◆ DATA EXTRACT ◆

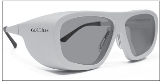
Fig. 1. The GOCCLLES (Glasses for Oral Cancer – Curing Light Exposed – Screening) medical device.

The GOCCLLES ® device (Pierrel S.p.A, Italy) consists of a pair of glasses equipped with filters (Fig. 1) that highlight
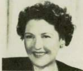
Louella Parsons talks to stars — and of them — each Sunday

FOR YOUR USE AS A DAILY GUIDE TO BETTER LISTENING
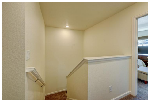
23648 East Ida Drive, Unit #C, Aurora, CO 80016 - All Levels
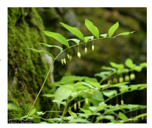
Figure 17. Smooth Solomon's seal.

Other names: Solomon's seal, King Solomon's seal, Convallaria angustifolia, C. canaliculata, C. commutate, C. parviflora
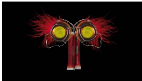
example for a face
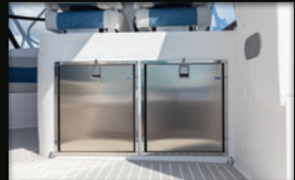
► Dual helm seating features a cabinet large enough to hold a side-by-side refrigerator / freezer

...

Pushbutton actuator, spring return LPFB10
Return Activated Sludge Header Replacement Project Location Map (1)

---

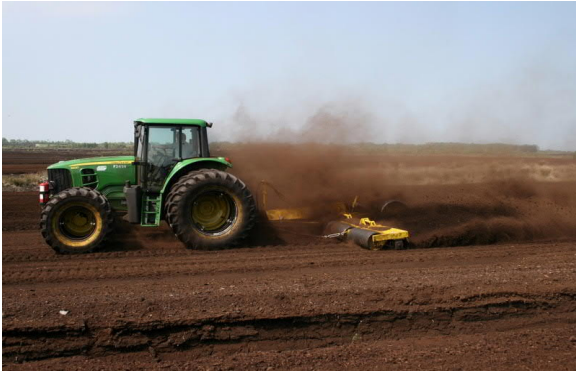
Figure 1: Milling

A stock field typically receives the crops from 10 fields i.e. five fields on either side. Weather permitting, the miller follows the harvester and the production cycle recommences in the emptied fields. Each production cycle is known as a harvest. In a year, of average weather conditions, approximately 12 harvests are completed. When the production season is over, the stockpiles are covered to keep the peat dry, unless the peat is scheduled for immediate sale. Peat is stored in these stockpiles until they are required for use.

◆ WHAT YOU NEED TO DO ◆
Each line between the one holding "example for a face" and the one holding "refrigerator / freezer", inclusive, should be copied exactly as it appears above, and pictures should be omitted.

◆ RESULT ◆
example for a face
► Dual helm seating features a cabinet large enough to hold a side-by-side refrigerator / freezer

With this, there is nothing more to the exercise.